If now everything is possible, let’s indeed pick those brains out for the most surrealist, out-of-the-box solutions for the return of the real – as it’s now being shown in an architecture office near you.

All Things Urban

Don’t ask me why, but my fascination for urban themes and city imagery can be somehow epitomized by this video of Four Tet’s She Moves She.

It reminds me of my own images of Japan years ago and so it is also a good leitmotif for linking here into the new blog of a long existing, long hibernating cultural association dedicated to urban knowledge.

CUC, or the Centre for Contemporary Urban Culture, was and is again an interdisciplinary platform dedicated to all things urban, promoting projects and discussions that are related to urban culture and city creativity.

CUC was funded 10 years ago to put up the Post.Rotterdam exhibition – with Rem Koolhaas, MVRDV, West 8 and others – and is now back into activity with new people, to promote, co-organize and be the private partner of projects like Emergent Megalopolis and Once Upon a Place.

I hope that the new CUC blog will also represent an opportunity to cook up a multi-voiced reflection on current urban matters in Portuguese language.

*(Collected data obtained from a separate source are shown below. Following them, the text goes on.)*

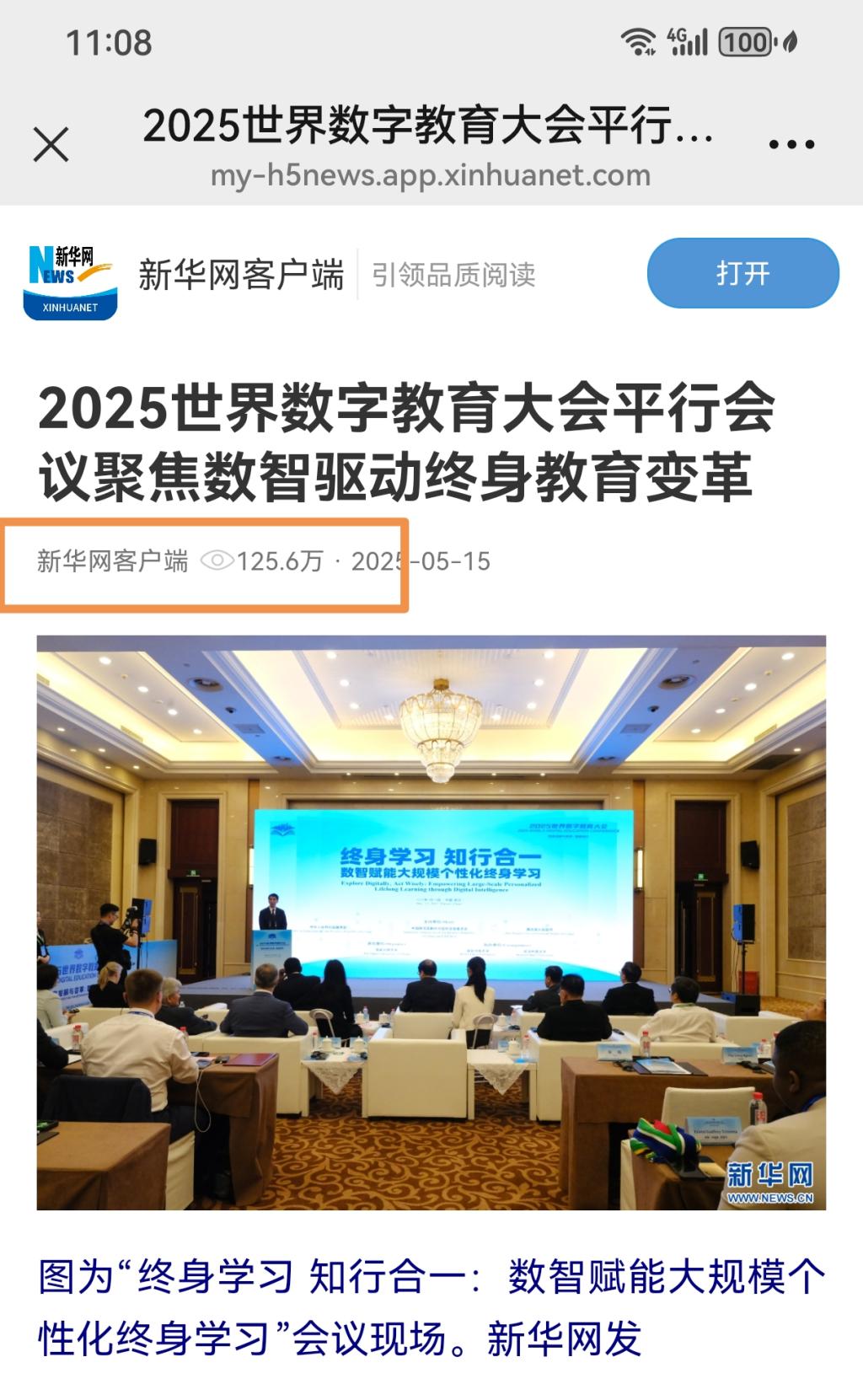 2025世界数字教育大会期间,湖北开放大学作为终身教育现场观摩点和“数智赋能大规模个性化终身学习”平行会议承办方,充分展示教育数字化办学成果,积极推动教育数字化转型理念的广泛传播,努力为教育创新提供可资借鉴的开大实践样本,得到了各级媒体高度关注并广泛报道,基本形成全网全媒体联动矩阵和全域全流程传播矩阵。
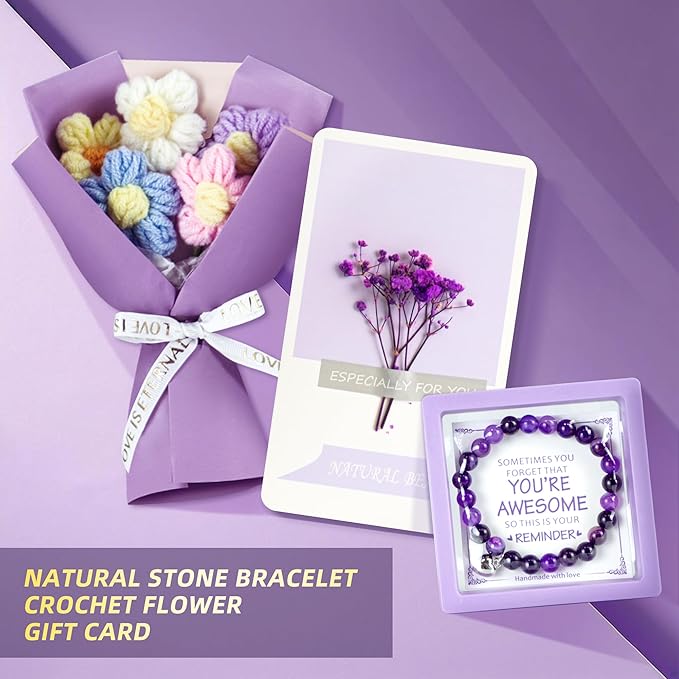 - NATURAL STONE BRACELET & CROCHET FLOWER: The bracelet is made of 8 mm natural agate stone, which can bring her luck, wisdom and strength. The elastic rope fits most wrists. A bouquet of delicate handmade crochet flower create a warm moment for her and leave her with an impressive holiday memory.
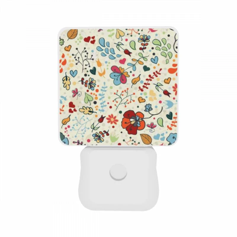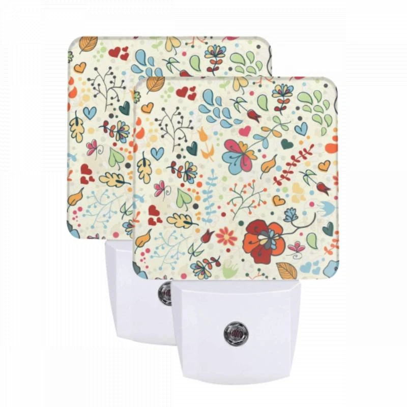 Night Light Set Of 2, A Colorful Floral Pattern With Hearts And Leaves.
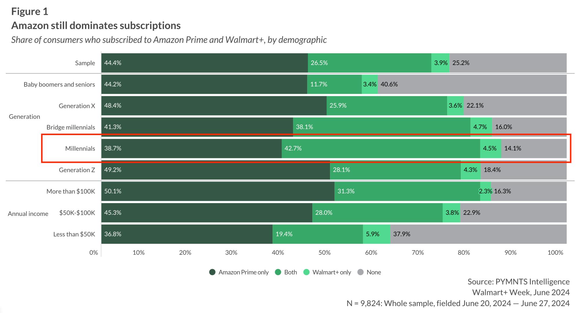 沃爾瑪會(huì)員用戶中千禧一代占比42.7% 圖源:pymnts
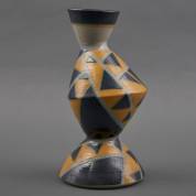 Paulien Ploeger (1958), abstracte keramische vaas uit conische vormen, met grijs, zwart en geel geometrisch decor, op onderzijde gesigneerd en gedateerd '91, 30 × 17 × 17 cm
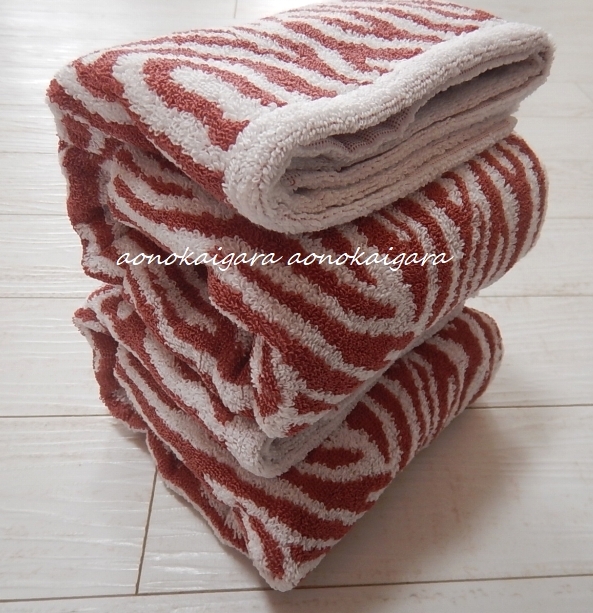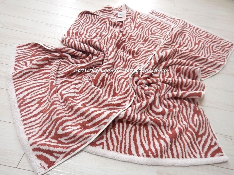 新品■今治産■ふっかり■ゼブラ柄■コンパクトサイズ■バスタオル2枚■50×100■レッド系

Everybody is welcome to contribute and heat up future discussions…

Trends and Fads

Talking about trendiness, as announced in the current volume of Beyond the third short-story collection in the book-series-cum-urban-literary-bookazine will be on the theme of Trends and Fads, due to be published in May 2010.

As it says in the Call for Contributions for the next issue,

While the many happily embrace consumption as lifestyle and instantly embark in any fad that may fulfill a sense of permanent gratification, the very few that claim to resist the lure of fashion also constantly fail to understand the mechanisms by which trends and fads actually affect cultural productions at every level.

Architecture and urban creation do not escape a tendency that is pervasive in all cultural scopes, which is the inescapable impact that both long-term trends and short-notice fads have on the production and consumption of ideas, objects and sites.

From celebrity to everyday culture, from gravity to ornament, from iconology to no-branding, from affluence to asceticism, from aestheticization to ugliness, from depression to optimism, from starchitecture to emergence, from pressure groups to particular interests, which are the currents and whims that are today deeply affecting the definition of our cityscapes?

Now that the holidays are arriving, do remember to pick up your Brett Easton Ellis and, if you think you are able to produce an interesting fiction of 2000 words max about such issues, do give it a try. We are open to submissions through Beyond’s webpage until the end of January 2010.